Uno smanettone alla corte di Obama

Con una mossa che ha sorpreso molti, tra cui Mitnick, il Governo statunitense ha nominato Jeff Moss come membro di un ente di sicurezza nazionale

Roma - L'amministrazione Obama continua a stupire l'opinione pubblica accogliendo negli enti che collaborano a stretto contatto con il Governo personaggi poco convenzionali, ben lontani dal cliché del colletto bianco. Accade così che nel nuovo approccio voluto dal neo eletto presidente statunitense rientri anche la nomina di Jeff Moss come membro dell'Homeland Security Council.

Meglio noto come Dark Tangent, il 39 enne cracker divenuto una vera istituzione in ambito di phreaking, ovvero il cracking delle reti telefoniche, è passato alla ribalta per aver fondato tra il '92 ed il '95 DEFCON e Black Hat, due delle più importanti conferenze a livello mondiale del settore.
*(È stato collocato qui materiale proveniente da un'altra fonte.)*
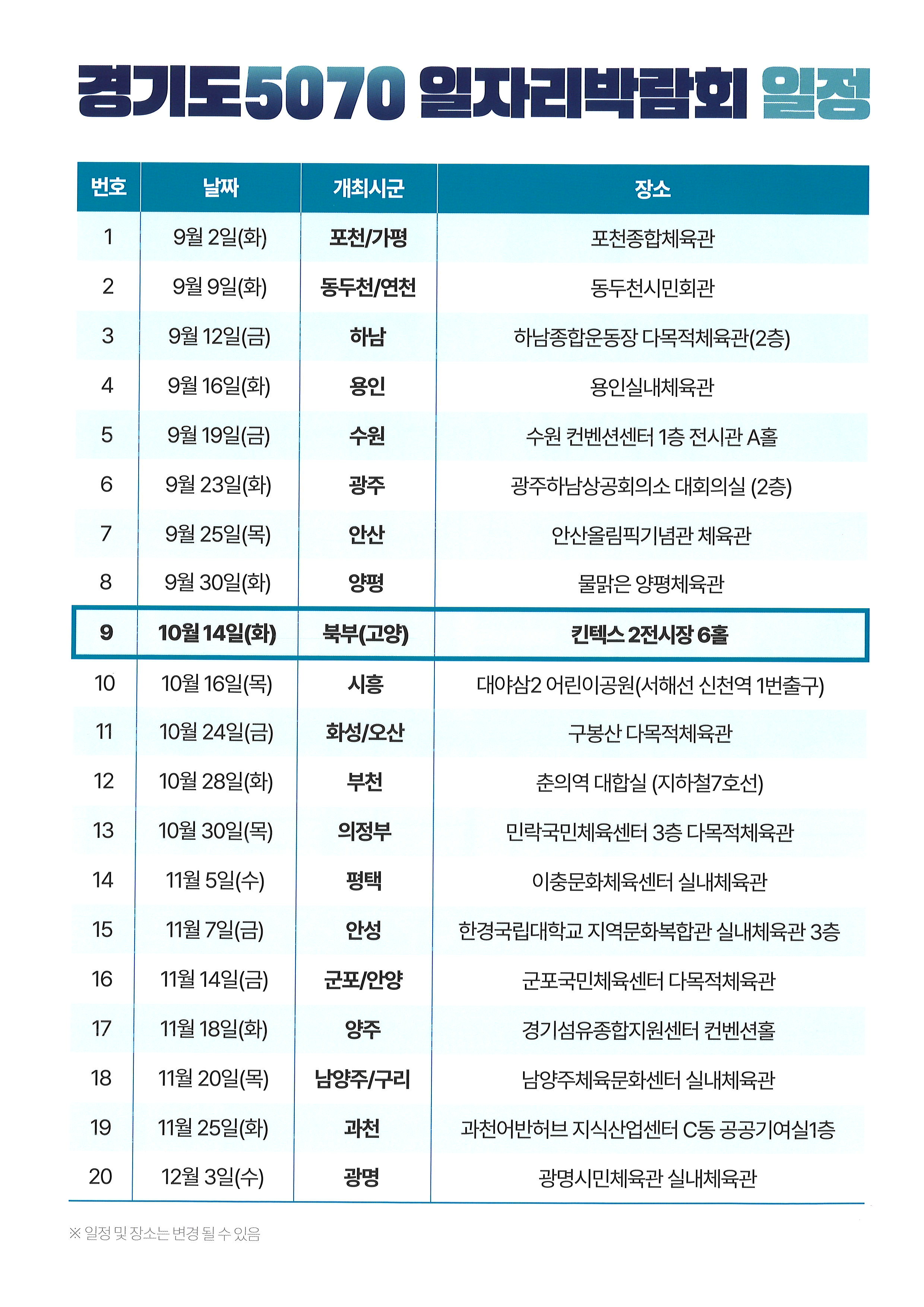 ‒ | [경기도] 2025년 5070 일자리 박람회 경기북부권역 개최 안내 |

La nomina lo ha colto di sorpresa, ma Moss si è detto onorato a dare la propria disponibilità e di far parte del progetto: "So che c'è una ritrovata enfasi in materia di cybersecurity e sono contento che il Governo abbia deciso di diversificare i componenti in maniera da avere punti di vista alternativi" ha dichiarato. "Credo - aggiunge - che la mia nomina risponda all'esigenza di avere un punto di vista distaccato dalla consuetudine, un elemento che sino ad ora è venuto a mancare. Attualmente, a poche ore dalla nomina, Moss non è stato in grado di definire quale sarà esattamente il suo ruolo. Per questo, commenta, sarà necessario attendere i primi incontri ufficiali dei nuovi membri del consiglio.
Di sicuro la nomina di Moss ha colto di sorpresa parecchi degli addetti ai lavori, tra cui figura ora il "pentito informatico" Mitnick, social engineer di fama internazionale ora passato dalla parte dei "buoni", il quale si è detto sorpreso di vedere Jeff Moss nella lista dei membri del consiglio e segnalando che il guru della sicurezza Bruce Schneier avrebbe potuto essere un candidato più idoneo.